NASHVILLE, TN (WGNS) - A growing wave of vehicle‑sale scams is hitting Middle Tennessee, and state officials say the pattern is costing unsuspecting sellers their cars, their money and their peace of mind. The Tennessee Department of Commerce & Insurance (TDCI) is warning consumers about a sharp uptick in fraud tied to Facebook Marketplace, where scammers pose as legitimate buyers, offer convincing payment methods and then vanish with the vehicle.
The setup is deceptively simple. A seller lists a car online and is quickly contacted by someone eager to buy. A price is agreed on, and in some cases the scammer even speaks with the seller’s bank to make the deal feel legitimate. Then comes the “payment”—a cashier’s check that looks official or a wire transfer that appears to have gone through. One Tennessee seller even had a bank contacted directly, only to later learn the check was fake.

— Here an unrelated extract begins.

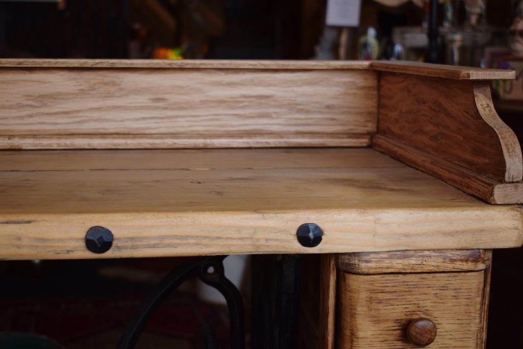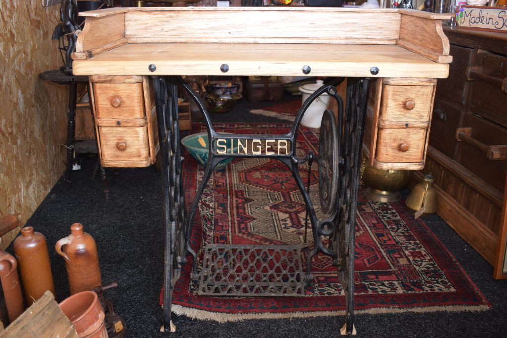 1940’s classic singer sewing maching table which has been repurposed with a new oak top and gallery added round the edges, would make the perfect hall table. Size: H86cm W90cm D40cm
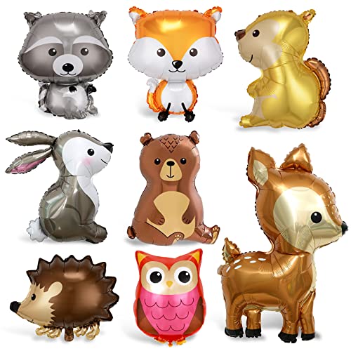 8 stycken folieballong, skogsdjur, XXL, tvättbjörn, hjort, uggla, ekorrballong, djurhuvud, jätteballong, heliumballongdjur, skogsdjur, ballong för barn, födelsedag, fest, dekoration, present

Believing the transaction is complete, the seller hands over the keys. Days later, the truth surfaces: the check bounces or the wire transfer is reversed. By then, the buyer is long gone, and the seller is left without the vehicle or the money. To make matters worse, most auto insurance policies won’t cover theft when the owner voluntarily gives someone the keys.
“Most auto insurance policies have an anti‑fraud provision that makes the auto owner ineligible for theft coverage if someone willingly gives their keys to another individual,” said TDCI Commissioner Carter Lawrence. He encourages consumers to read their policies closely so they understand what is—and isn’t—covered.
TDCI is sharing the warning with the Tennessee Motor Vehicle Commission, the Department of Revenue, the Attorney General’s Consumer Affairs Division and the Department of Financial Institutions as reports continue to rise.
Officials say the best defense is time and verification. Sellers should call the issuing bank to confirm a cashier’s check is real or meet the buyer at their bank so the check can be issued and verified on the spot. Wire transfers require even more caution, and sellers are urged to wait two business days to ensure funds have fully cleared before releasing a vehicle.
Other scams are circulating too, including VIN swapping, fraudulent titles, odometer rollbacks, overdue rental cars being sold to unsuspecting buyers and salvage vehicles passed off as clean‑title cars. In every case, scammers rely on rushed decisions and trusting sellers.